Oh cool I get an Amazon credit if y'all subscribe for the low, low price of $3/mo. at this link:

https://theathletic.com/359370?shared_by=316365
 
I broke down and subscribed, it's a good article with lots of details.

The answer to your question is no, but it doesn't matter much for Medina: "While the fund cannot be used on players already in MLS, a source indicated teams with eligible players already on loan will be able to use the fund to sign those players to a permanent deal. ... Players signed under the Youth Transfer Fund would hit teams’ budgets at the same rate as young Designated Players—either $150,000 or $200,000 depending on age. The Youth Transfer Fund would encompass both transfer fees and salary expenditure above that youth DP charge."

Do they address how they are going to treat any transfer fees teams receive from a sell-on? I know Medina doesn't qualify, but lets just take him as an example and assume we blew the entire $3million on him this summer. What happens if we sell him in the Summer 2020 for 6 million? Does the 3 million in the fund get replenished? If so, what happens to the other $3 million?

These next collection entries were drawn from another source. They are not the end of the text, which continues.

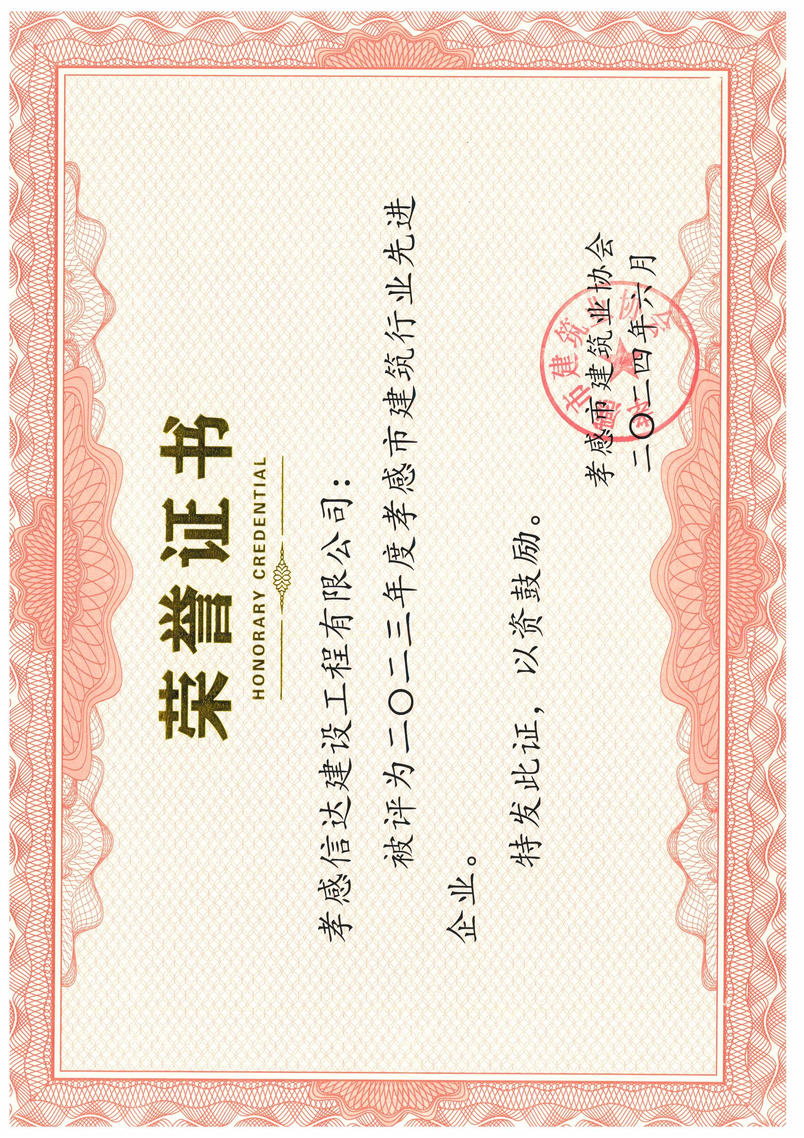 2023年度孝感市建筑行業(yè)先進企業(yè)祝賀孝感信達建設工程有限公司榮獲2023年度孝感市建筑行業(yè)先進企業(yè)榮譽...
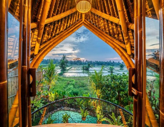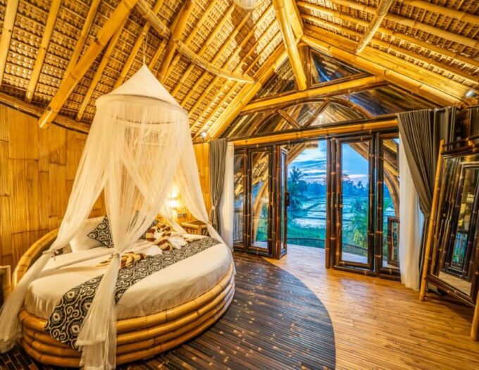 Idéal pour les couples, les voyageurs solo et les amateurs de slow travel, c’est un lieu où le temps s’étire doucement, entre les palmiers et les reflets de l’eau. On y vient pour se reposer, se reconnecter et repartir apaisé, le cœur plus léger. Une adresse qui porte bien son nom : une évasion royale, dans la simplicité du bambou et la lumière d’Ubud.
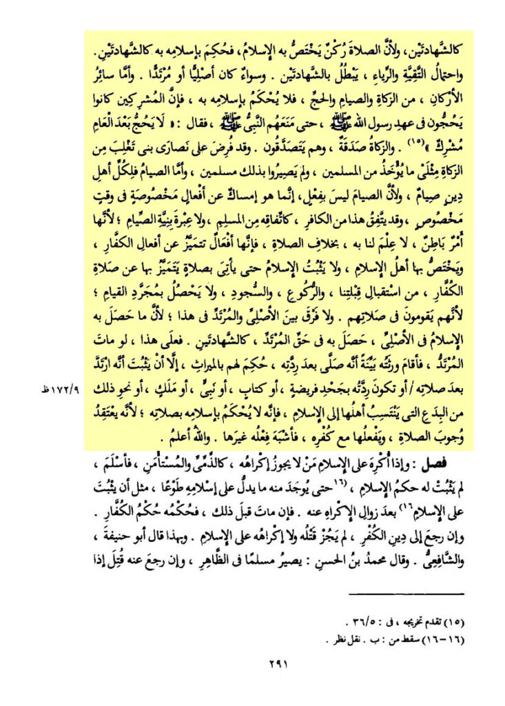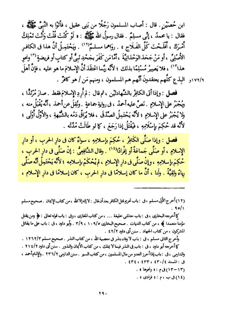 „Wenn der Kāfir betet, wird er mit seinem Islām beurteilt, egal, ob er in Dār al-Ḥarb oder in Dār al-Islām war (egal) ob er in Gemeinschaft oder alleine betet. Und ash-Shāfiʿi sagte: Wenn er in Dār al-Ḥarb betete, wird er mit seinem Islām beurteilt, und wenn er in Dār al-Islām betete, wird er nicht mit seinem Islām beurteilt, denn es ist möglich, dass er aus Heuchelei und Taqīya betete. Und für uns (die Ḥanābila) ist, dass, was als Islām in Dār al-Ḥarb gilt, so ist es Islām in Dār al-Islām, wie die beiden Bezeugnissen (der Shahāda). Und weil das Gebet eine Säule ist, die speziell für den Islām ist, so wird mit ihm sein Islām beurteilt, wie bei den beiden Bezeugnissen (der Shahāda). Die Möglichkeit der Taqīya und Heuchlerei wird hinfällig, mit den beiden Bezeugnissen (der Shahāda). Egal, ob er ein Aṣli oder ein Murtadd war.

Point being, it's all well and good MLS is letting teams get more aggressive acquiring guys, but they also need to address how transfer fees club receive are administered.
 
"The Youth Transfer Fund money is discretionary, multiple sources said, which means team owners will have to opt in to use all or some of the $3 million."

Oh cool I get an Amazon credit if y'all subscribe for the low, low price of $3/mo. at this link:

https://theathletic.com/359370?shared_by=316365
Call me a commie but I don't like this being discretionary. I want all teams involved in this.
 
Call me a commie but I don't like this being discretionary. I want all teams involved in this.

Commie.

Honestly, though, MLS is making its own elaborate roster rules more and more farcical. The amount of discretionary money available to teams by this summer will be more than the supposed salary cap, and thanks to DP spending the payroll gap is already at European levels of disparity. At what point do you drop the act and just let teams buy who they want?
 
Commie.

Honestly, though, MLS is making its own elaborate roster rules more and more farcical. The amount of discretionary money available to teams by this summer will be more than the supposed salary cap, and thanks to DP spending the payroll gap is already at European levels of disparity. At what point do you drop the act and just let teams buy who they want?
Yep. Drop all discretionary & youth/senior descriptions, and simply slap a luxury tax on teams that are over a cap threshold. Done.
 
Commie.

Honestly, though, MLS is making its own elaborate roster rules more and more farcical. The amount of discretionary money available to teams by this summer will be more than the supposed salary cap, and thanks to DP spending the payroll gap is already at European levels of disparity. At what point do you drop the act and just let teams buy who they want?
They're basically maintaining a cap on the salaries of average domestic talent while allowing almost all other spending to go unchecked, and they're using byzantine rules to modestly disguise this.
 
They're basically maintaining a cap on the salaries of average domestic talent while allowing almost all other spending to go unchecked, and they're using byzantine rules to modestly disguise this.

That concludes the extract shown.